In this latest video, crowds in almost all of 42 different countries bum rush the scene and dance with Matt. I'm a little embarrassed to admit, because it is a silly video, that I actually started tearing up somewhere between Tokyo and Austin. I don't know why! Maybe the combination of the music, the sheer silliness, plus the exact same type of joy being shared by everyone who started dancing with this fella.
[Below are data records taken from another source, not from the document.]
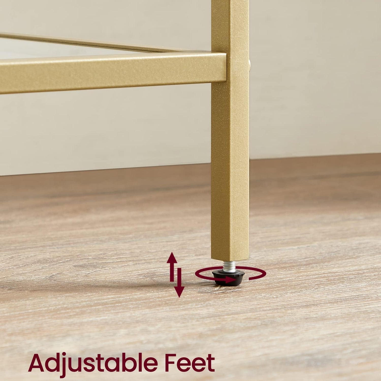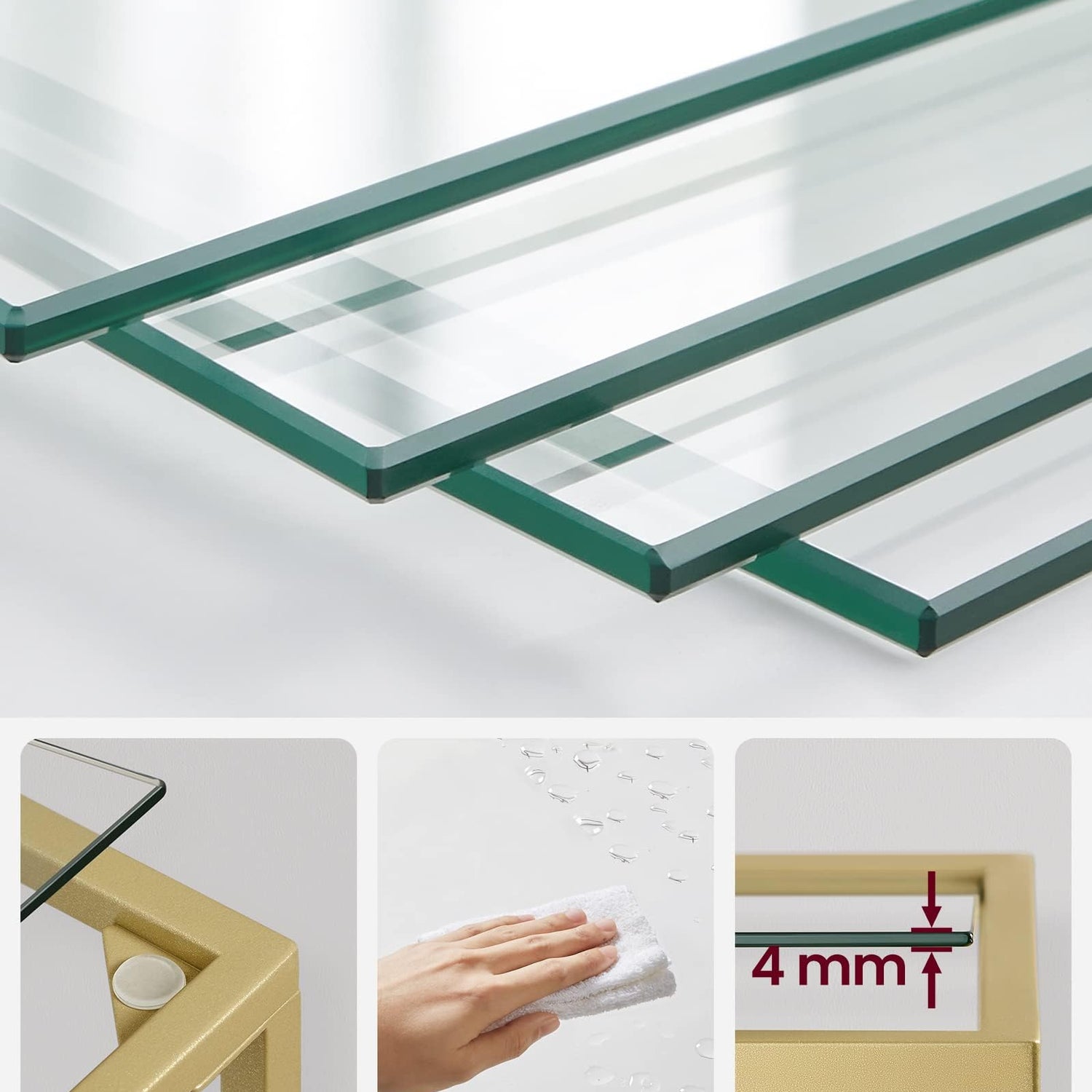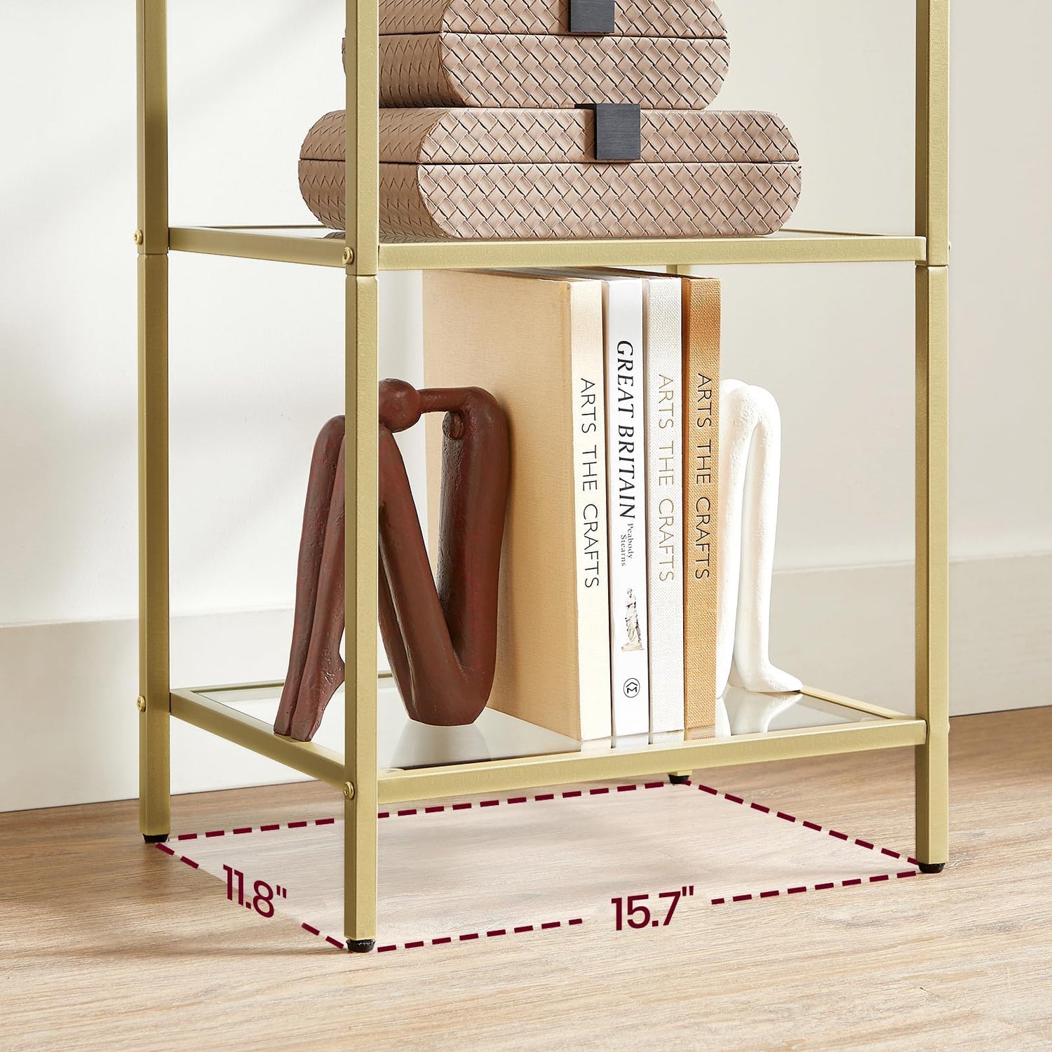 - [Display Your Faves] With transparent glass shelves and a gold-colored frame, this 5-tier shelf boasts stunning modern minimalism. This small shelf allows you to display your greenery, books, and collectibles while elevating the look of your space
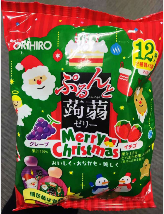 日本ORIHIRO立喜乐圣诞节版超低卡路里蒟蒻水果果冻(提子+草莓)12枚圣诞版
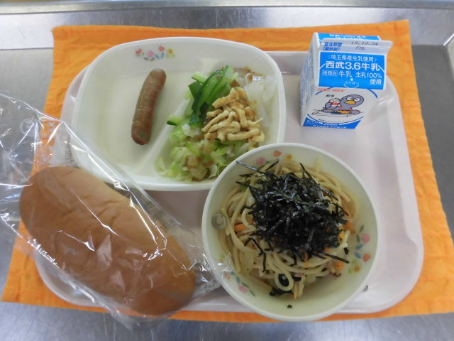 絵文字:食事 給食牛乳・森のきのこスパゲティ・パリパリサラダ・焼きフランク絵文字:食事 給食
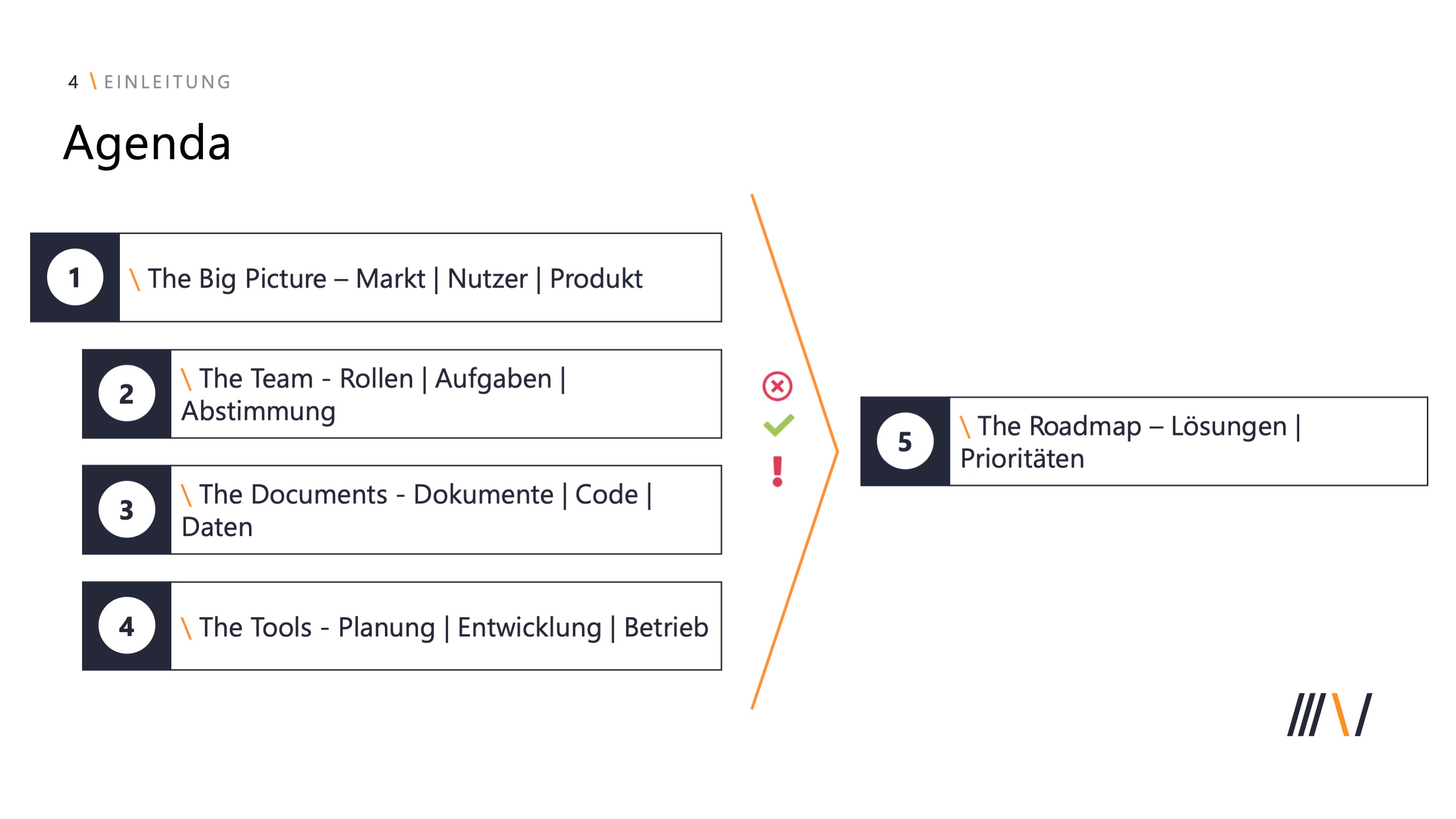 Abschließend betrachten wir gemeinsam die aktuelle Produkt-Roadmap. Welche Ziele und Meilensteine in der Weiterentwicklung Eures Produktes sind Euch besonders wichtig zu erreichen? Ein klares Verständnis der Produktvision und der Alleinstellungsmerkmale helfen in der späteren Priorisierung von Maßnahmen.

And then of course I started laughing again around Munich.



In case you were wondering, the music is the Bengali poem "Praan" (Stream of Life), from Rabindranath Tagore's Gitanjali (Song Offerings), translated by the author, set to song.

Stream of Life

The same stream of life that runs through my veins night and day

runs through the world and dances in rhythmic measures.

It is the same life that shoots in joy through the dust of the earth

in numberless blades of grass

and breaks into tumultuous waves of leaves and flowers.

It is the same life that is rocked in the ocean-cradle of birth

and of death, in ebb and in flow.

I feel my limbs are made glorious by the touch of this world of life.

And my pride is from the life-throb of ages dancing in my blood this moment.

4 comments:

Anonymous said...

I think its the music that brings the emotional response. So much more so after reading the lyrics. By the way, I laughed when he was in the demilitarized zone in Korea. I couldn't have seen James doing that while he was there:)

nathalie said...

my fiancé and my friend chris and i are in the washington d.c. clip. it was really fun meeting matt and dancing with him! he's really sweet, laid-back and funny.

John said...

Anon: I can picture him doing that ;)

Nathalie: Cool! You probably know about his website where dancers can comment in their own special section - there are some interesting comments there!

Anonymous said...

Though the essence of both the Bengali and English lyrics is same - the eternal life, but still anyone who has read Tagore well can make out that the Bengali song doesn't exactly match with the English one.

I found out finally that the Bengali lyrics or Praan is indeed not the original song from which the English "Stream of Life" was derived by Rabindranath Tagore. The original Bengali poem for "Stream of Life" is as follows:
E aamaar sharirer shiraay shiraay
Je Praan-tarangamaalaa raatridin dhaay
Sei Praan chhutiyaachhe bishwadigbijaye,
Sei Praan aparoop chhande taale laye
Nachichhe bhubane; sei Praan chupe chupe
Basudhaar mrittikaar prati romkoope
Lokkho lokkho trine trine sanchaare harashe,
Bikaashe pallabe pushpe - barashe barashe
Bishwabyaapi janmamrityusamudradolaay
Dulitechhe antahiin joyaar bhaataay.
Karitechhi anubhab, se ananta Praan
Ange ange aamaare karechhe mahiyaan.

Sei jugjugaanter biraat spandan
Aamaar nariite aaji karichhe nartan.
The Bengali lyrics of "Praan" features in the original Bengali Gitanjali, but not in the English version. Actually the English version is created out of a selection of 103 poems from the Bengali Gitanjali and three other booklets of poems by Tagore.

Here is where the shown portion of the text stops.